Enhancing thermoelectric properties of BiCuSeO via uniaxial compressive strain: First-principles calculations

• Published in: Journal of alloys and compounds Vol. 743; pp. 610 - 617
• Main Authors: Tan, Rui, Zou, Chunpeng, Pan, Kai, Zou, Daifeng, Liu, Yunya
• Format: Journal Article
• Language: English
• Published: Lausanne Elsevier B.V 30.04.2018; Elsevier BV
• Subjects: BiCuSeO; Carrier density; Compressive properties; Density functional theory; Electric properties; Electrical resistivity; Fermi level; First principles; Heat conductivity; Mathematical analysis; Power factor; Properties (attributes); Strain; Thermal conductivity; Thermoelectric; Thermoelectric materials; Thermoelectricity; Transport theory; Valence band; BiCuSeO; Thermoelectric; First-principles; Strain
• ISSN: 0925-8388; 1873-4669
• DOI: 10.1016/j.jallcom.2018.01.371

BiCuSeO as a promising thermoelectric material for medium temperature thermoelectric applications possesses a low lattice thermal conductivity, while its power factor is moderate.

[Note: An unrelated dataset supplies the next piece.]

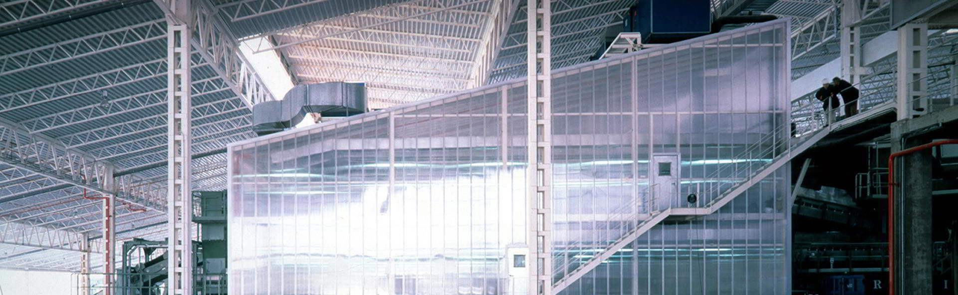Son precisamente estas cualidades las que convirtieron el acero en uno de los materiales predilectos de la arquitectura moderna, hasta el punto de que la ligereza, la industrialización y la facilidad de montaje se instalarían en su misma razón de ser. En su reverso, no obstante, el acero contaba con otra cualidad que pasaría desapercibida hasta que, unos meses después de la toma de la fotografía, la crisis energética de 1973 nos hizo saber que vivimos en un mundo de recursos limitados: se trata de un material de alta conductividad térmica o, lo que es lo mismo, muy poco aislante, algo que limita enormemente su capacidad para negociar el encuentro entre el interior y el exterior de los edificios. Es por ello que, especialmente a partir de ese momento, el acero hizo patente su necesidad de vestirse con otros materiales para responder a las exigencias medioambientales. En 1987, el propio Museo de Arte Contemporáneo se transformaría en el Museo del Traje CIPE para confirmar una necesidad que se manifiesta en los edificios recientes que conforman este itinerario.

In this work, we propose a strategy for enhancing power factor of p-type BiCuSeO via uniaxial compressive strain constraint, based on calculations of electronic structures and thermoelectric properties by using density functional theory and semi-classical Boltzmann transport theory. It is found that the valence band near Fermi level along the Z−Γ direction becomes steeper, and the slope of the total density of states around the valence band maximum near the Fermi level decreases with an increase in magnitude of compressive strain. All the variations of electronic structures under uniaxial compressive strain lead to an increase of electrical conductivity, resulting in an enhancement of power factor, which is confirmed by our thermoelectric properties calculations. The power factor of p-type BiCuSeO at 900 K can be improved by 11.4% in the case of compressive strain of −6%. Also, the optimal carrier concentrations under different uniaxial strains are identified. •Enhancing power factor of BiCuSeO via uniaxial compressive strain is proposed.•The enhancement is well predicted by the change of electronic structure.•The power factor at 900 K is improved by 11.4% in the case of strain −6%.•The optimal carrier concentrations at different strain states are identified.